Friday, April 01, 2005

Today I travelled from León, through the capital city of Managua, and am now comfortably residing in the famous "colonial city" of Granada. It's really kindof trippy to be back here in Granada after all this time. This is kindof the place that my unexpected journey began; until I arrived here, I was only doing what I had previously planned for my shorter trip.

I'm travelling with the British girls again, Clare and Becky. I figure we'll stay here for a day or two before making our way to Ometepe. Granada is a comfortable town and I'm already soaking up the luxurious environment (as compared to some other areas of Central America). Dinner tonight is going to be pizza from a great local pizza parlor. There's just something nice about being able to get a variety of food, especially as a vegetarian. Vegetarianism is less advanced here in Central America than it is in Kansas, to the extent that I would have reason to get excited if a person down here actually knew what vegetarianism was, much less had a dish without meat on their menu. My meals tend to consist of beans, cheese and, if I'm lucky, tortillas.
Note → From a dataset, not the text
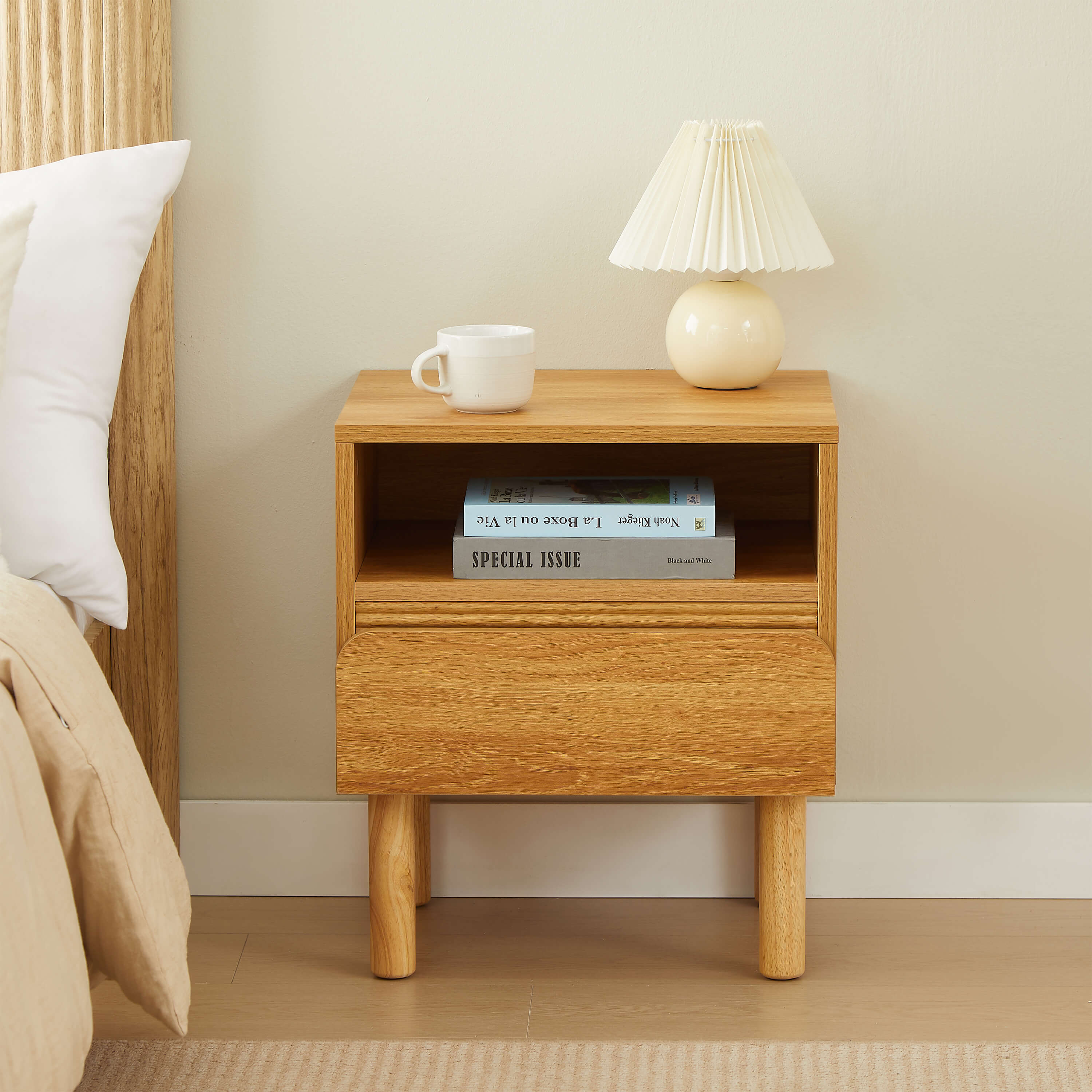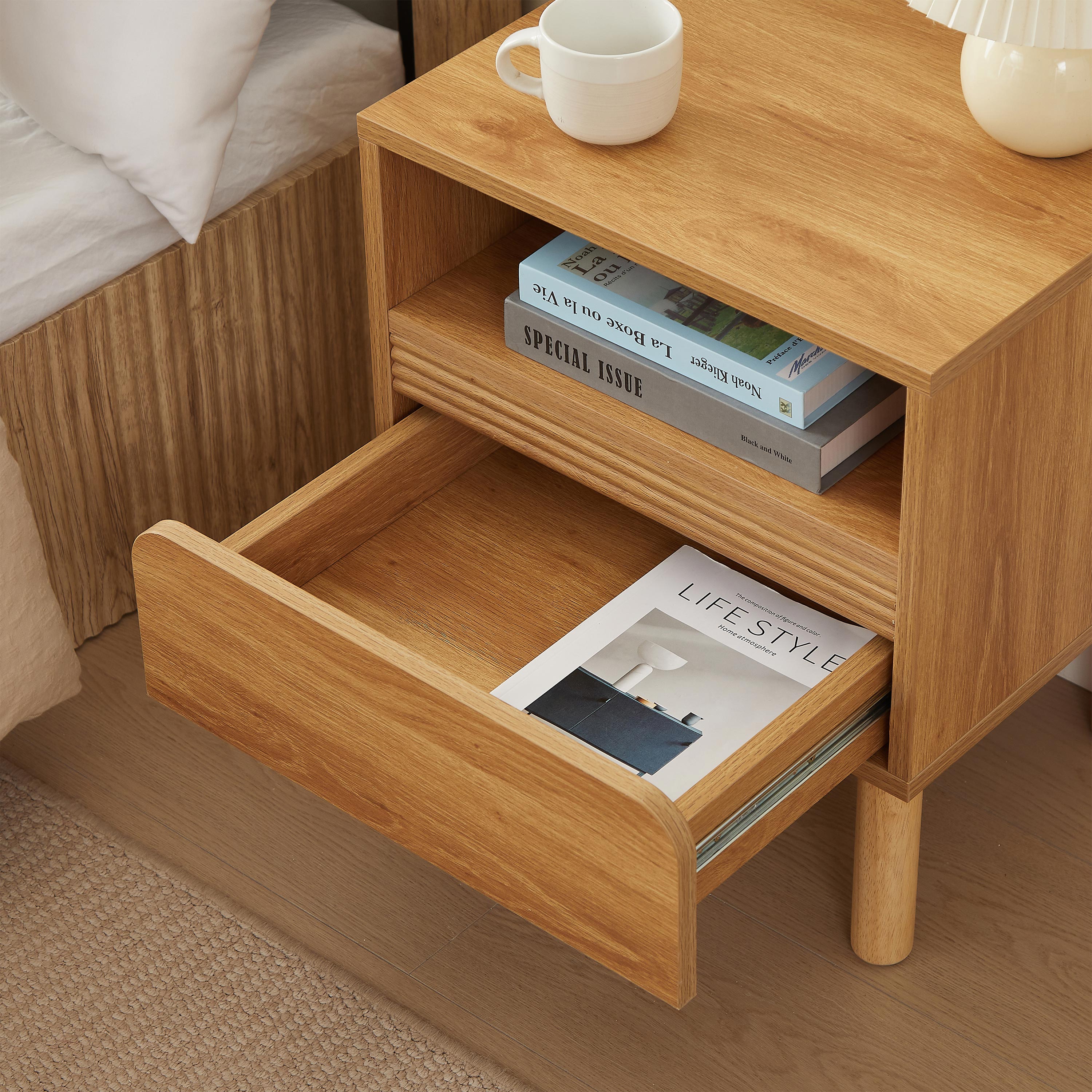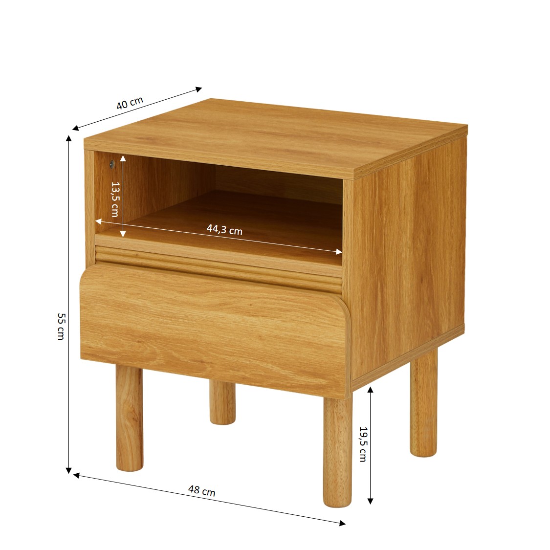 La table de chevet ORO séduit par son design simple et chaleureux. Son revêtement effet chêne apporte une touche naturelle qui s'accorde facilement avec tous types de chambres, qu'elles soient modernes, scandinaves ou classiques.

Anyway, one interesting thing that happened today was an experience the British girls and I had in Managua. Managua is a sprawled-out, souless Central American city and is incredibly crime-ridden and notoriously dangerous. However, the British girls had to go and get their airline tickets changed, so we would need to navigate the city a little bit before moving on to Granada. Our time in the city, despite our collective expectations to the contrary, was quite positive. The taxi driver who took us to the airline offices was quite nice, and I had a good conversation with him.

When we finished our business at the airline office, we asked the woman who had attended us where we should go to get a bus to Granada. She informed us that it would be dangerous for us to go to the bus station, because there was a strike going on. We needed to go and wait for a bus somewhere else, where they passed on the street.

When we inquired as to whether the woman could call us a cab, a young man informed us that he would be happy to drive us to the busstop himself. So, in this big, scary city, we were able to hitch a lift to the busstop and catch a bus out of town almost immediately. I spent the bus ride to Granada just grinning. "I'm having a very good day," I informed my European companions.